Cainntear wrote:Arizakai wrote:Gustav Aschenbach wrote:Interesting video by someone who took the same approach (memorizing vocabulary as a first step):
Interesting video, indeed. But memorising all vocabulary from a textbook before starting the textbook is a bit extreme imho. What I and probably most people do is memorising vocab for the unit you are learning at that moment. This way you achieve the same results with less pain.
So yes, you need to do something more to make the material stick, but memorising all the vocab before starting seems mind-numbingly tedious, and would actually really overcompensate for the density of the material, leaving me with too
little work to do when working through the lessons, so I'd get really bored.
I've been trying to recall when I did this for the last few days (thus demonstrating my immense powers of memory...) and it's suddenly come back to me. I used Memrise to memorise all the vocab in my main Hebrew textbook - 578 items - before starting the textbook. It was two years ago, so I was young and foolish...
So the results of the experiment were interesting - it worked surprisingly well. I was working on something else (Farsi? Greek?) at the time, so I didn't have headspace for Hebrew. 25 new words on the bus, though, was manageable. Yes, some words didn't work that well - anything that wasn't a noun or a verb was a bit harder - but it stuck. I'm not sure it would have worked with Anki instead of Memrise - it's a bit cruder for learning and you need the exposure more. Even though I started Hebrew a lot later than planned, leaving nearly a year between stopping the vocab and starting the textbook, most of it was (and is) still there.

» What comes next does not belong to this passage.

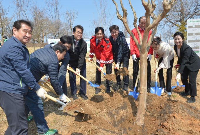 간단한 식전 행사 이후 참여자들은 나무심기 작업 요령을 숙지하고 2인 1조로 식재 구역에 수목을 심는 등 뜻깊은 행사를 진행했다.
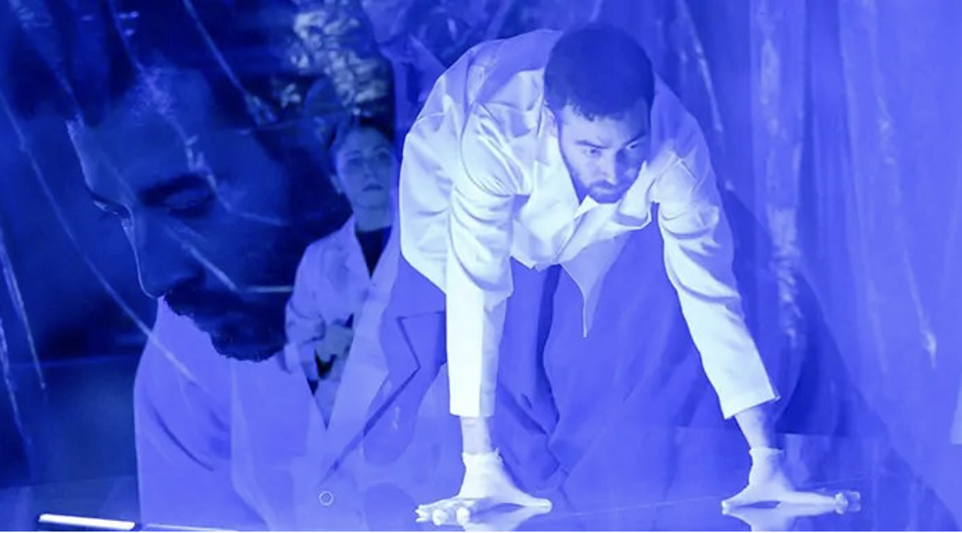 İkinci Bölüm, Decollage’ın 2. katında soğuk, beyaz, ıslak bir laboratuar. Deney tüpleri, mikroskoplar, önlükler, bir takım notlar, notlar ve notlar ve numaralandırılmış ismi olmayan primatlar üzerinde deney ve testler yapan, beyaz önlüklerini kuşanarak birer araştırmacıya dönüşmüş üç oyuncumuz.

The benefit was twofold. Firstly, I gained a lot of simple reading practice in a really awkward script before starting. Secondly, it was one less thing to worry about while doing the book. For me, those two were really helpful - it reduced the mental overhead working through each chapter substantially. Because I didn't have to devote any mental space to the script or vocabulary, I could really concentrate my mind on the grammar. It's just a pity I ran into sickness, wanderlust, and academic pressures and didn't complete the grammar!
Do you get the same benefit by doing it before each chapter? I don't think so - you'd get other benefits, like cementing it in place with different exposure - but that ignores the benefit of letting things sink into your mind over the long term. As I said, I'd retained most of it nearly a year later, because I'd had the time to work through all the vocab and let it sink in properly. Time is very powerful with SRS - you know something so much better after one month, and so much better still after three.
Will I do it again? Well, I'm not planning on any new languages any time soon, so probably not. I did do a bit with Latin, which may be helping me currently, but Latin's so transparent (comparatively speaking!) that it is hard to really test. But with a limited set of vocab I might consider it, depending very much on what energy and time I had available. It let me work a little on the language before starting. Of course, just doing Duolingo or Clozemaster might have similar effects.
Not sure it's something to recommend, but I was nonetheless pleasantly surprised at how well it worked.